Frances Patterson is the Public Law Commissioner for England and Wales. The Law Commission is the statutory independent body responsible for keeping the law under review and recommending reform where it is needed to the government. Each of the commissioners leads a team of lawyers and research assistants responsible for a particular area of the law. Frances Patterson leads the team responsible for the scrutiny of public law, which is the sphere of law that deals with the state and its relations with individuals.  The projects that she has in hand at present include the modernisation and simplification of electoral law, a review of the regulatory framework governing health and social care professionals, and an examination of the law that governs wildlife management. On a smaller scale, she is also reviewing the legislation that regulates level crossings and the legal framework that relates to taxis and private hire vehicles and to data sharing.  Last year she was responsible for the final report to the government on the reform of adult social care law. A draft bill to implement the recommendations of that report was announced in this year’s Queen's Speech. What these projects have in common are the interests of everyone who lives here, including wild animals as well as humans.

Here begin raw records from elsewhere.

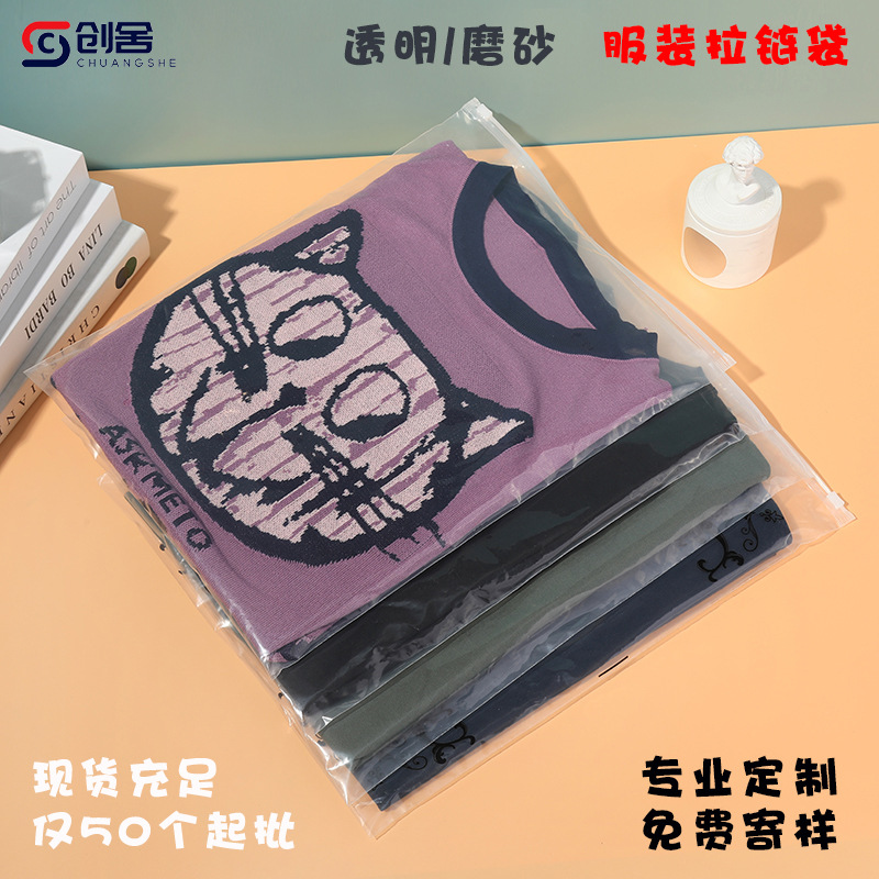 투명 젖빛 지퍼 가방 재고 pe 자체 밀봉 가방 의류 보관 가방 클립 체인 밀봉 가방 플라스틱 의류 포장 가방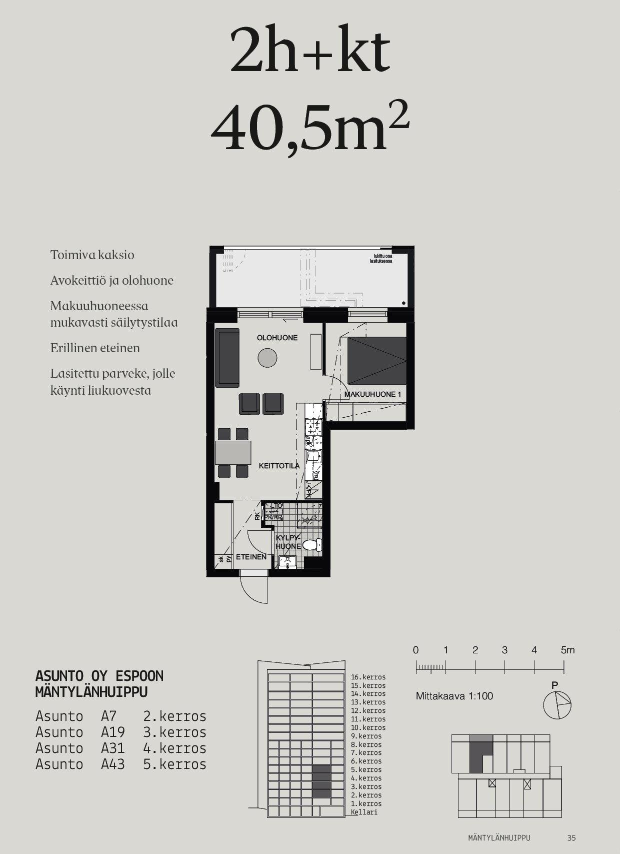 Kodin keskipisteenä on viihtyisä oleskelutila, jonka yhteydessä moderni avokeittiö. Makuuhuoneessa on seinällisen verran säilytystilaa. Erillinen eteinen rauhoittaa kodin tunnelmaa. Olohuoneen yhteydessä on liukuovella varustettu lasitettu parveke, joka on kuin ylimääräinen huone keväästä pitkälle syksyyn.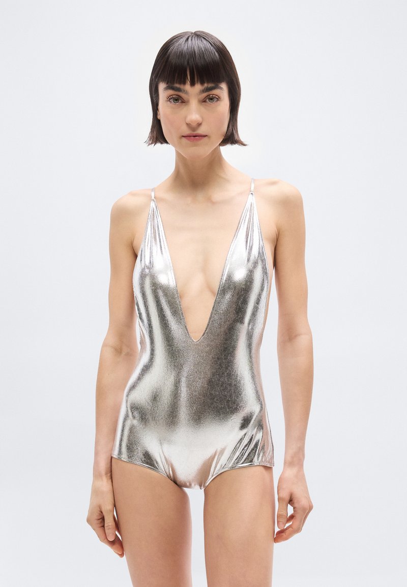 METALLIC V NECK SWIMSUIT - Μαγιό - silver-coloured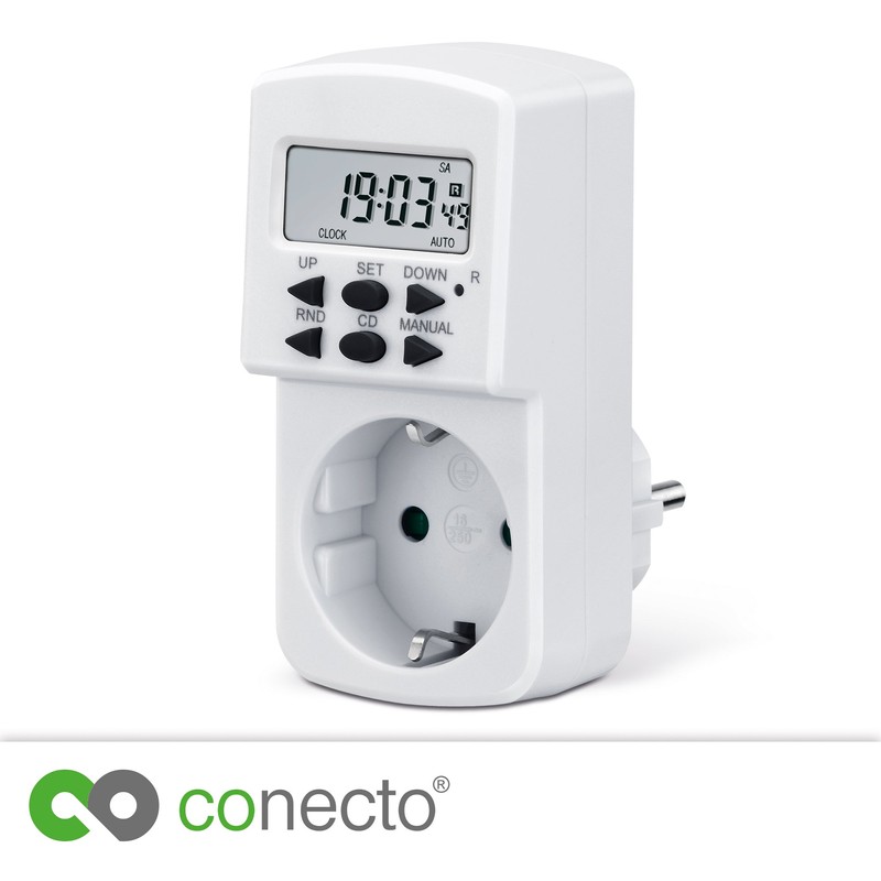 - Digital display: the digital timer from conecto with LCD display is characterised by a high level of comfort, easy operation and maximum safety for your household.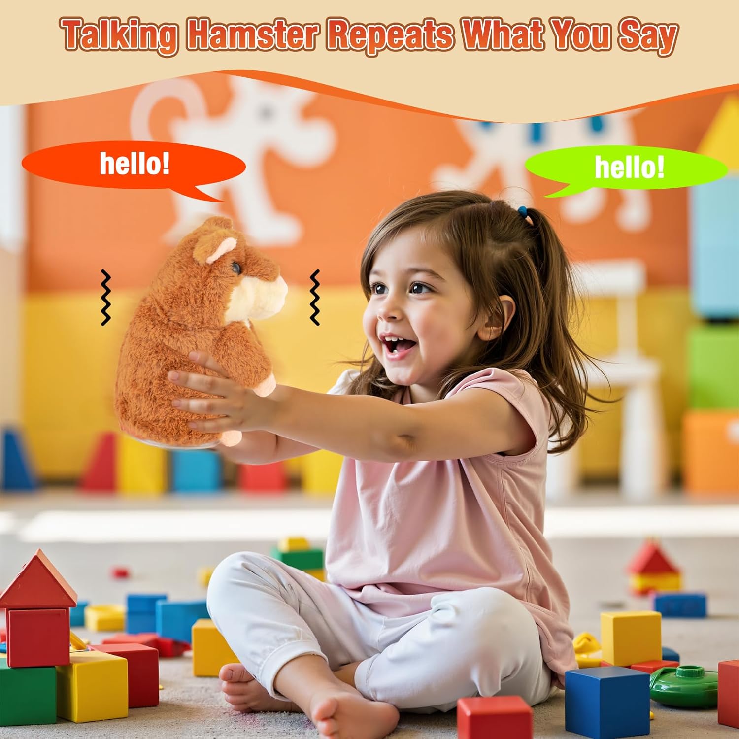 Talking Hamster, which can repeat what you say. Cute appearance can easily capture the hearts of kids. Encourage them talk more~
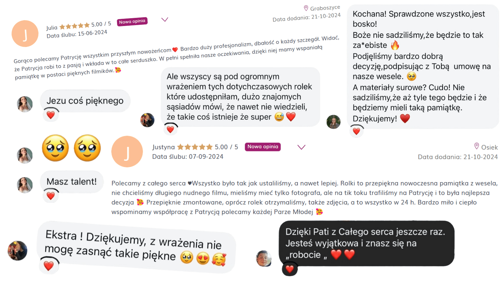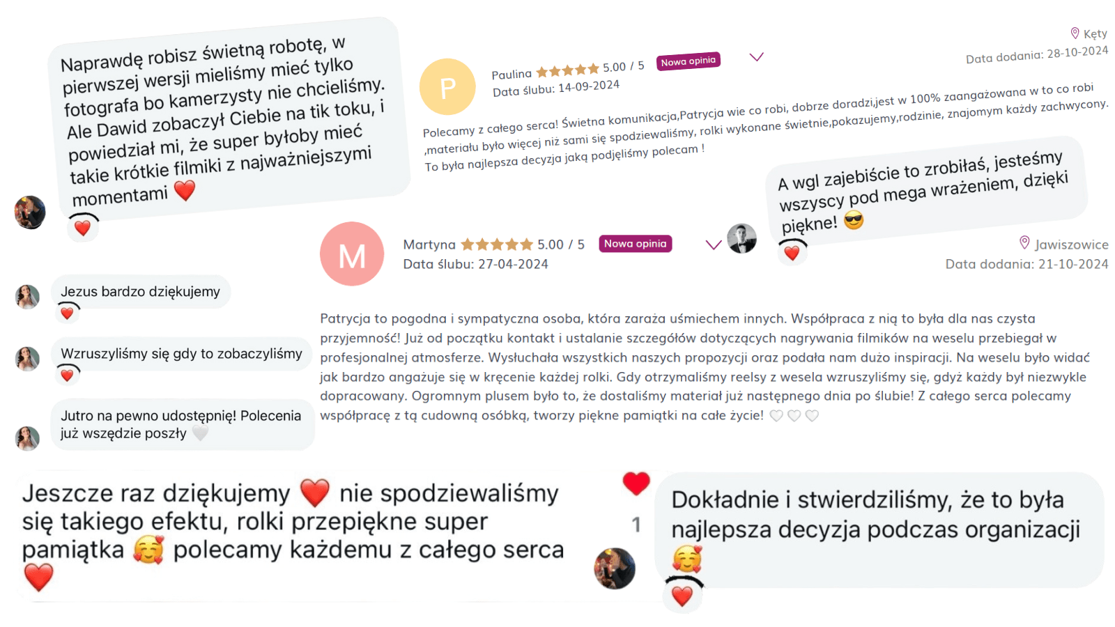 2 tygodnie/tydzień przed weselem dostarczacie plan wesela i ustalamy wszystkice szczegóły. Przedstawienie moich propozycji i wysłanie Waszych. Wspólnie ustalimy jaki styl Wam się podoba, czy są może jakieś trendy, które chcielibyście nagrać. dzień wesela: nagranie przeze mnie materiałów oraz zapłata reszty wynagrodzenia.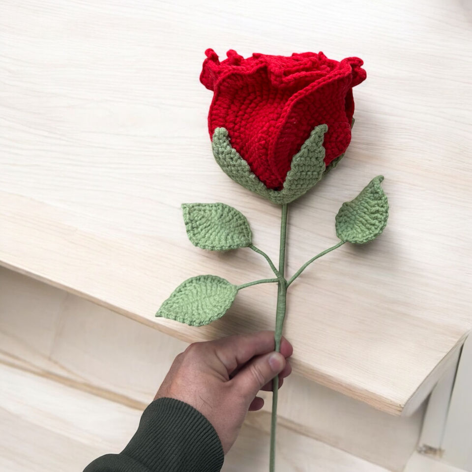Elegant large crochet roses, handcrafted in various colors: Red, White, Peach, and Blush. Their lifelike texture and soft handmade beauty make them the perfect everlasting bloom for any occasion.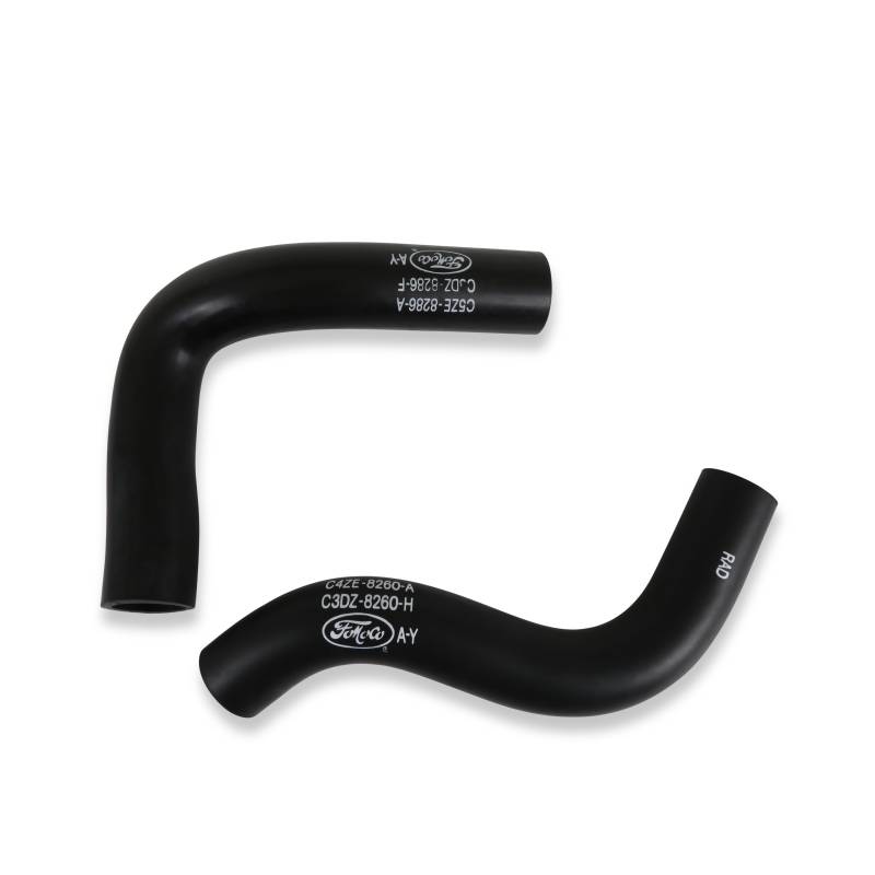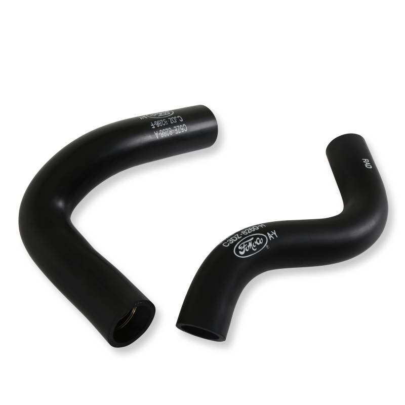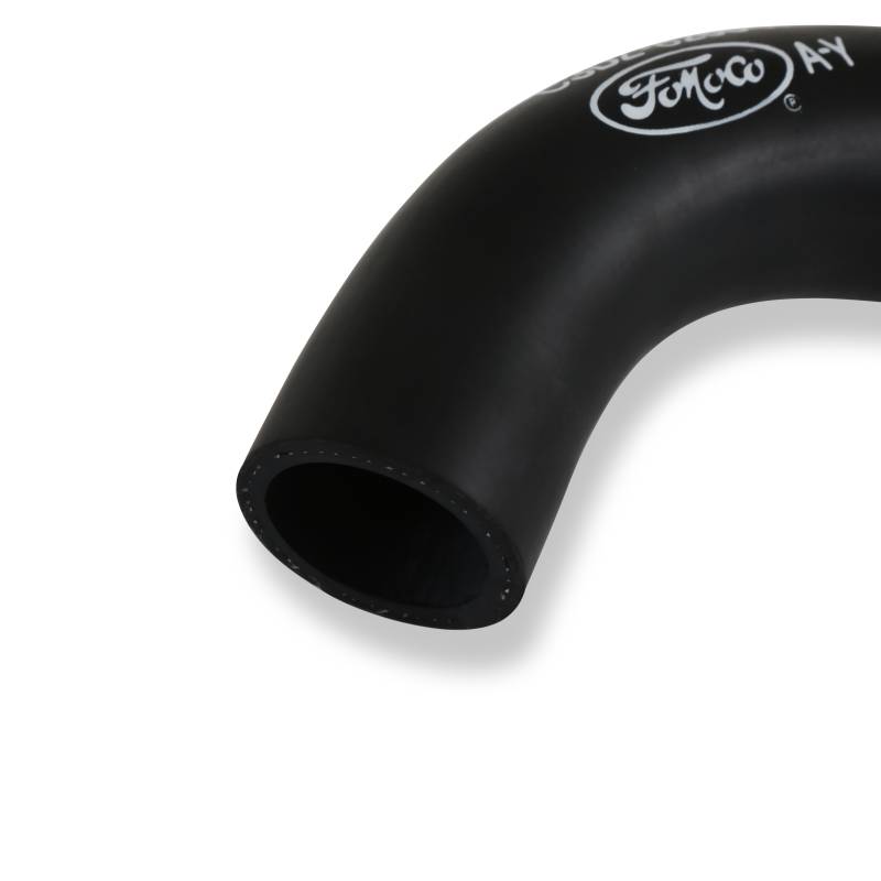 These are the best concourse radiator hoses on the market. New improved stamping will not come off even when in contact with antifreeze. All have imprints that are very crisp and authentic. Each imprint is concourse correct for the specific application year. Represented by an oval FoMoCo, rectangle FoMoCo, Autolite logo or Motorcraft.
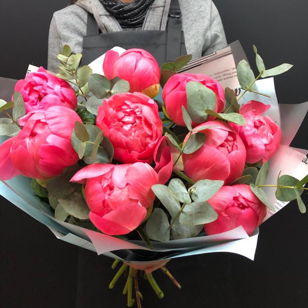 Пион – 9 шт.Эвкалипт – 5 шт.Упаковка дизайнерская – 1 шт.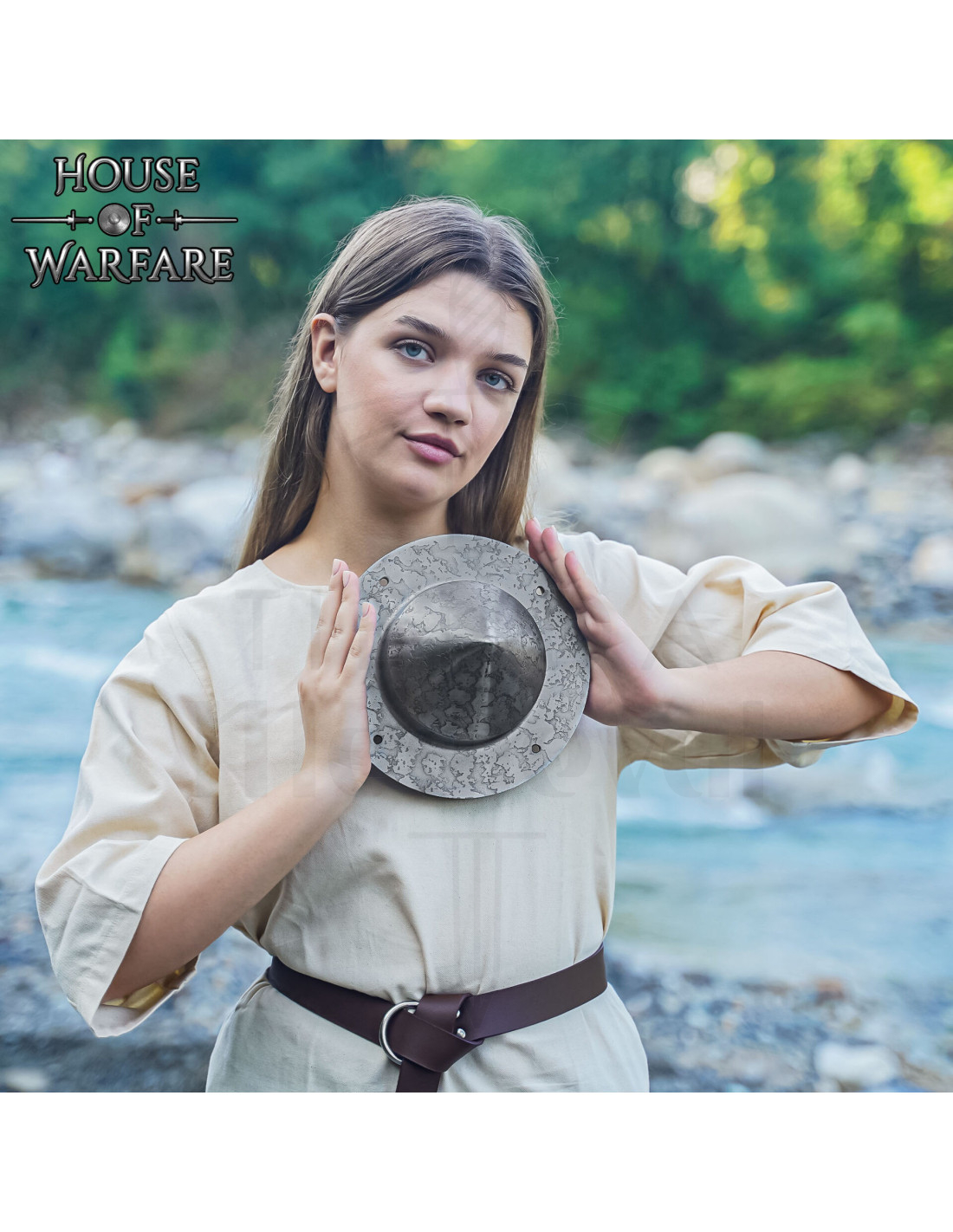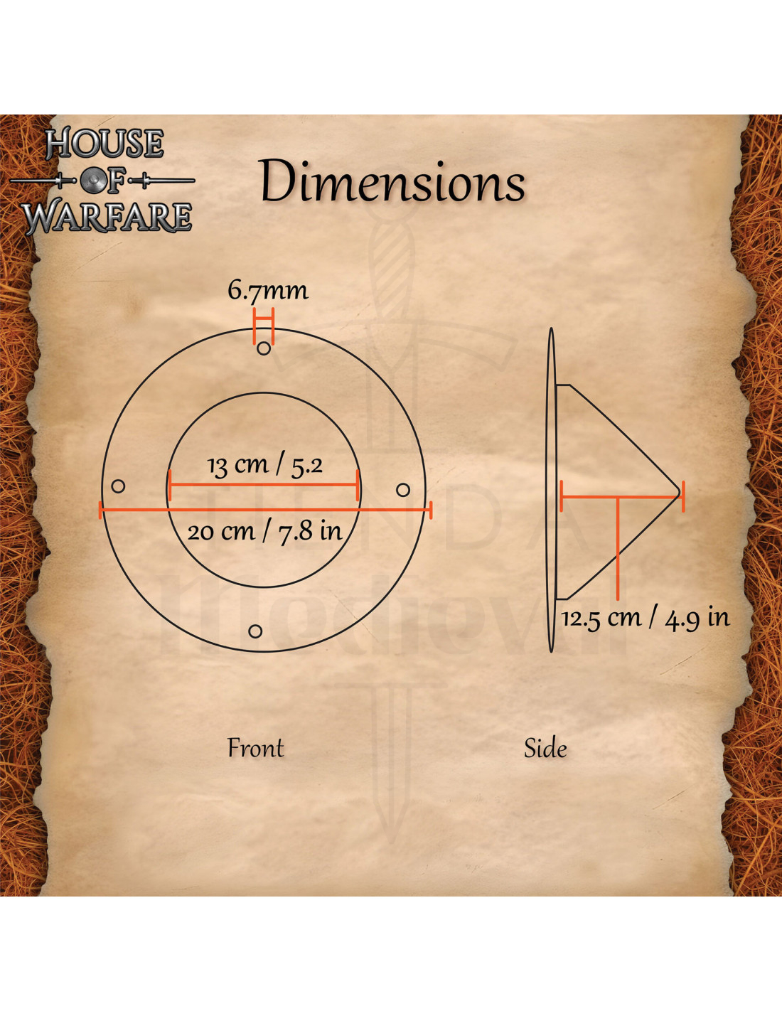 Håndsmidd i kvalitetsstål, viser det tyske middelalder umbo i konisk form en hammeret tekstur, der giver et arbejds- og autentisk udseende, ideelt til dem, der værdsætter visuel detaljer både i vitriner og i reenactments. De ujævne relief af overfladen tilføjer ikke kun tilstedeværelse, men skjuler også de kontinuerlige brugser efterlader en attraktiv finish på stykket.

How, you may wonder, does one become a law commissioner? In the case of Frances Patterson, the career path begins here at the University of Leicester, where she graduated in History.  Her personal tutor (and tutor in her special subject of Mid-Victorian history) was Jack Simmons, one of the founding professors of this University. In those days, long before the emergence of careers offices, it was professors who recommended careers for their undergraduates, and Professor Simmons decided that young Frances should enter publishing. Frances demurred, because she had  decided to become a barrister. She had been interested in reading law when she was at school but had been put off by her teachers on the basis that no member of her family had ever been in the legal profession!  On graduation from Leicester Frances accordingly went off to London, joined Middle Temple and studied at the College of Law, where she read for the bar. Even at that stage, there were signs that she was destined to have a career of great distinction: at the Middle Temple she was the Campbell Foster prize winner and she was a recipient of a Winston Churchill Pupillage award.  Frances began her pupillage in London and completed it at what became Kings Chambers, centred in Manchester and Leeds. She was taken on as a tenant in those Chambers (then the only woman tenant), and twenty five years later became its Head of Chambers, through those decades specialising in town and country planning, environment law, compulsory purchase and compensation, and highways matters. Along the way she was appointed Queen's Counsel, or, as lawyers say, took silk. Later she was elected as a Bencher of the Middle Temple, that being the way that the Inns of Court honour the distinguished contributions of their finest barristers.  She was appointed as a Recorder of the Crown Court and as a Deputy High Court Judge.  In one aspect of her career, she has also fulfilled Professor Simmons' intention that she should go into publishing, in that Frances is Consultant Editor of and contributor to Judicial Review: Law and Practice, which is published by Jordans,  and she is Consultant Editor of Jordans Public Law Online.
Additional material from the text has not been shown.